As shown in Figure 1, our GPU-FLIP framework comprises preprocessing (flow field initialization), data transfer, the FLIP parallel algorithm kernel (including particle advection, mapping of particles to grids, applying external force, grid solution, and velocity field update), and free memory.

3.2. Parallel Optimization Strategy for Particle-to-Grid Mapping (P2G)

The particle-to-grid mapping is a critical step that transfers particle attributes to the Eulerian grids. Within GPU parallel frameworks, two principal parallelization strategies are employed: gathering and scattering.
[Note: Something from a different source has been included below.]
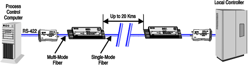 ![]() Fiber optic cable as a transmission medium has, for some time, been employed in the long haul or wide area network environment. Its advantages with respect to large bandwidth, immunity to electrical interference and security are well known. In recent years there has also been a steady growth in the use of fiber optic cable in the premises environment. As fiber optic cable prices have decreased and cable connectorization has become easier to accomplish, this medium has become increasingly popular for implementing premises data communication networks - networks for either in-building or manufacturing plant use. When fiber optic cable is employed in long haul or the wide area environment it is of the single-mode variety. In very elementary terms you can think of the cable as allowing only a single 'ray of light' to propagate from one end to another. Why is it single-mode? Because this type of fiber optic cable has very low attenuation and consequently can achieve the long distances between repeater required in this environment. When fiber optic cable is employed in the premises environment, it is generally of the multi-mode variety. Again, in very elementary terms, you can think of the cable as allowing a multiplicity of 'rays of light' to propagate from one end to another. Multi-mode fiber optic cable has more attenuation than single-mode fiber optic cable - you often lose the 'rays' propagating near the walls of the cable. However, this is OK. In the premises environment you do not have to go as far as in the wide area network environment and your signals can tolerate the increased attenuation. Multi-mode fiber optic cable is also much less expensive than single-mode fiber optic cable. This works for the premises environment where cost is a much more sensitive issue. There has been more and more activity in taking data being transported on a premises data communications network and sending out on a wide area network. One case may be taking data on a corporate LAN at one location and then sending it out onto a wide area network to a corporate LAN at another location. As the employment of fiber optic cable as a transmission medium has grown carrying out this task has come to mean converting the fiber optic signals from the multi-mode cable on the LAN to signals appropriate for the single-mode cable used in the wide area network. That is, a multi-mode to single-mode conversion has to be done. The Model 279 is well suited to this task. The illustration above shows a pair of Model 279s being used in just this type of application. Here we see a process control computer at one location communicating with a local controller on a factory floor, some distance away, say in excess of 10 km. Considering that so much of the communication is being carried out in the factory environment where electrical interference is so much of the problem, it is desired to effect the communication be fiber optics as much as possible. Both the process control computer and the local controller send and receive data through their RS-422 interface. The differential signaling of RS-422 provides some protection against electrical interference. However, it can not compete with fiber optic transmission. Thus, at both ends of the link we show a conversion from RS-422 to multi-mode fiber optic signals using the Model 272. The resulting communication can employ the low cost multi-mode fiber optic cable to out to the walls of the building where the computer and controller are located, the boundaries of the respective premises. At these points conversion of the multi-mode fiber optic signals to single-mode signals can be carried out using a Model 279 at either end. The Models 279 can then be linked by single-mode fiber optic cable which can reliably support transmission over the 'longer than premises' 10 km + distance. |

Gathering: This approach launches one thread per grid node to collect attributes from all neighboring particles within the node’s support radius. The method typically requires pre-building and maintaining a spatial data structure, enabling each grid node to efficiently track and access all nearby particles.
Scattering: This method launches one thread per particle. Each thread scatters the particle’s attributes to all influenced grid nodes.
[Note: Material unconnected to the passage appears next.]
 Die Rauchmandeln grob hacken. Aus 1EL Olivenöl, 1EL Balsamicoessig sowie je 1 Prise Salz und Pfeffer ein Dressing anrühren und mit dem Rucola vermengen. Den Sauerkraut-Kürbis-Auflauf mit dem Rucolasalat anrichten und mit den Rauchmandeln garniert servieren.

For the parallel P2G step, in the scattering strategy, multiple particle threads may update the same grid node concurrently, making write conflict a critical problem, requiring atomic operation to prevent data races and ensure correctness. However, with millions of particles, write contention for grid nodes becomes severe. Unlike readily parallelizable steps like particle advection, this results in numerous atomic operations, causing thread queuing and waiting. As shown in Section 4.2.1, atomic overhead accounts for over 40% of P2G time in large-scale scenarios, and this ratio increases with particle count, severely limiting parallel efficiency. Consequently, atomic operations become the critical bottleneck to achieving higher computational performance. Therefore, optimizing P2G parallelization to eliminate or minimize atomic operation overhead is essential.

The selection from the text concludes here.